- Born: Alli Simpson 1998 or 1999 (age 27–28) Gold Coast, Queensland, Australia
- Occupations: Singer-songwriter; actress; radio host; television personality; author;
- Years active: 2010–present
- Television: Filthy Rich And Homeless; I'm a Celebrity...Get Me Out of Here!; The Masked Singer Australia; The Amazing Race Australia;
- Relatives: Cody Simpson (brother)
- Musical career
- Genres: Pop
- Instrument: Vocals
- Label: So Alli Records

= Alli Simpson =

Australian singer-songwriter and television personality (born 1998 or 1999)
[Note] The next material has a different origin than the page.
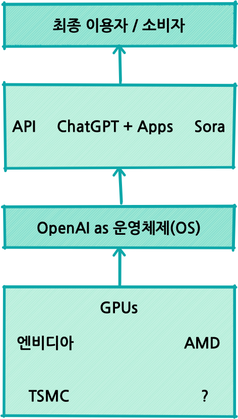 대규모 최종 이용자를 확보한 OpenAI는 아래 그림과 같은 구조의 AI 시장 청사진을 제시하고 있습니다.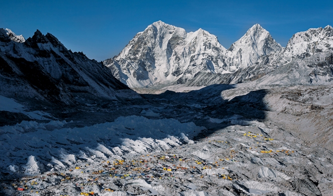 Докато пълзяхме нагоре по въжетата, закрепени на стръмния склон, с Пануру се бяхме вклинили между непознати хора над и под нас. Предния ден в Лагер III екипът ни беше част от малка група. Но като се събудихме сутринта, с удивление видяхме безкрайна колона алпинисти, които се точеха покрай палатките ни.

Alli Simpson (born ) is an Australian singer-songwriter, actress, radio host, television personality and author. Simpson has 1.2 million followers on Instagram and half a million subscribers on YouTube. She is the younger sister of Australian singer and swimmer Cody Simpson.

==Early life==
Simpson was born in 1998 or 1999 on the Gold Coast, Queensland. She has two brothers, including Cody.

At the age of 12, she and her family moved to the United States so her brother could pursue his music career. While living in the US, Simpson got a job in national radio, released some music and filmed a movie. However, in 2018, she and her family moved back to Australia.

==Career==
In 2012, Simpson filmed her first movie in the United States, 12 Dogs Of Christmas: Great Puppy Rescue. She appeared as a character named Alli in the TV series Hacking High School in 2017. Her second movie in the US, Death Link, was released in 2021.

In 2013, she released two singles, "Notice Me" and "Why I'm Single", and went on to release more music until 2018. In September 2021, she revealed that she had plans to release more music.

In 2018, Simpson appeared in season 2 of the Special Broadcasting Service (SBS) documentary series Filthy Rich and Homeless.

Simpson appeared as a contestant on the seventh season of I'm a Celebrity…Get Me Out Of Here! Australia which premiered in January 2021. She was the third contestant to be eliminated. Later that year, Simpson competed in the third season of The Masked Singer Australia as "Lightning" and made it to the final six.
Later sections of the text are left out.